There are a number of myths that are causing many workers to not buy disability insurance, according to Prudential’s whitepaper, “Why Disability Income Protection Should Be Part of Your Financial Wellness Toolkit.”
While a majority of employers offer short-term disability and long-term disability benefits to their employees, only 38 percent of workers in private industry were participating in STD income insurance; 33 percent were participating in LTD income insurance, and more than 50 million U.S. workers don’t have disability income insurance.
“Prepared or not, most Americans are at least aware that they should attempt to save for emergencies and retirement,” the authors write. “Most, however, overlook taking the right steps to protect against one of the greatest threats to their overall financial security: being unable to earn a paycheck as a result of a short- or long-term disability.”
“The cruel irony of this is that evidence shows that those who are financially stressed are at an increased risk of experiencing a disability,” they write.
Many workers are not opting for these benefits because they erroneously believe that a disabling illness or injury will be automatically covered by workers’ compensation or Social Security disability insurance. However, workers’ comp benefits only cover accidents or injuries that happen at work and SSDI benefits pay just above the poverty level – just $14,364 a year on average. Moreover, the benefits aren’t automatic, as the there are stringent eligibility requirements for SSDI, and the average processing time is more than two years.
Other myths that keep people from buying disability insurance include the false assumption that young people are not likely to suffer from a disability; that the individual has enough savings to cover time off; and that enrolling in disability insurance is time-consuming and requires a medical exam.
Employers can help dispel these myths and also make it easier for workers by auto-enrolling them into disability insurance plans, following 2018 guidance by the Labor Department, according to Prudential.
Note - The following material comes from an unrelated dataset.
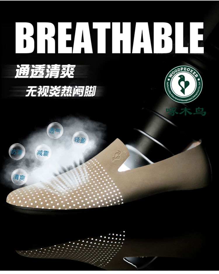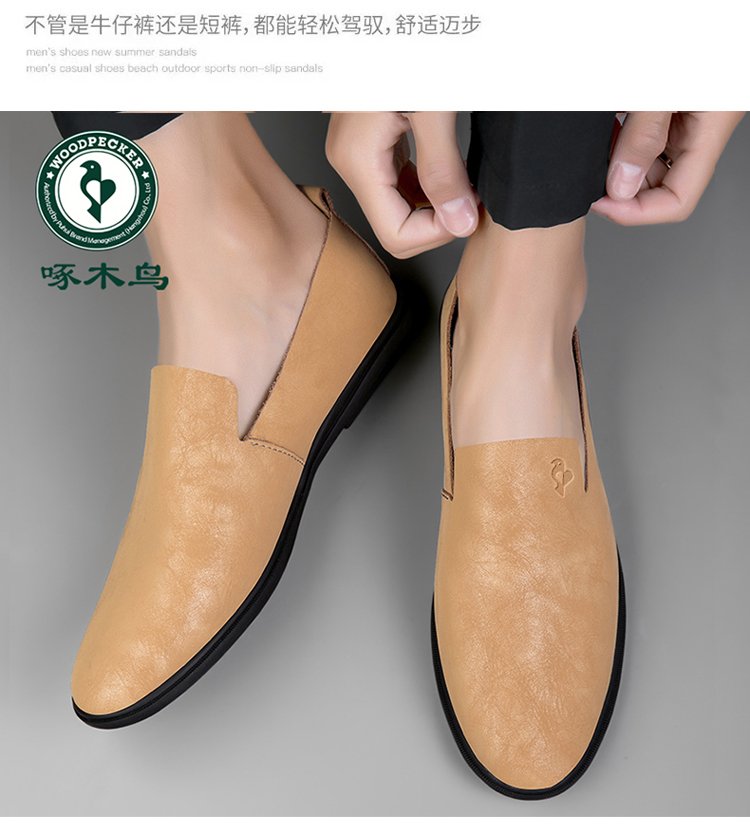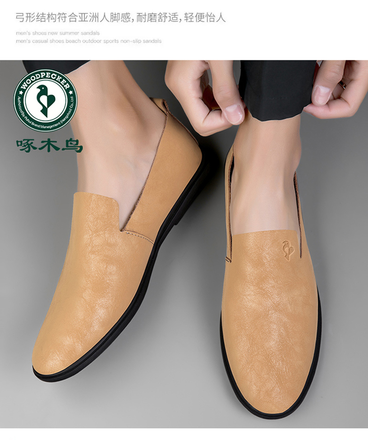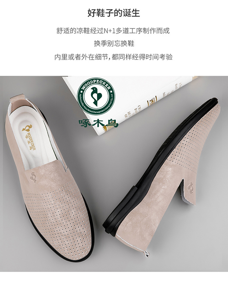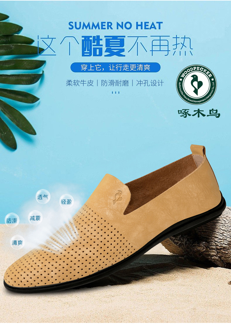 Woodpecker Brand Men's Shoes, New Summer Model, Hollow Breathable Single-Layer Leather Sandals, Men's Soft Surface, Soft Sole, Non-Slip Clogs

“Employers need to devote extra effort to communicating the criticality of preserving an income stream in the event of a disability,” the authors write. “This must include grounding employees in the reality of what it means to be disabled and the likelihood of incurring a disability, since some of the most common triggers of disability claims include pregnancy, debilitating pain from musculoskeletal disorders, digestive disorders and mental health issues including depression and anxiety.”
Employers should also make sure they have a comprehensive and effective return-to-work program in place that helps workers overcome any psychological as well as physical barriers they may face coming back to work after suffering a disability, according to Prudential. “A properly implemented RTW program helps employees shift their focus away from the experience of being disabled and back to rejoining their workplace community, regaining much-needed income, and getting back on a path to financial wellness,” the authors write.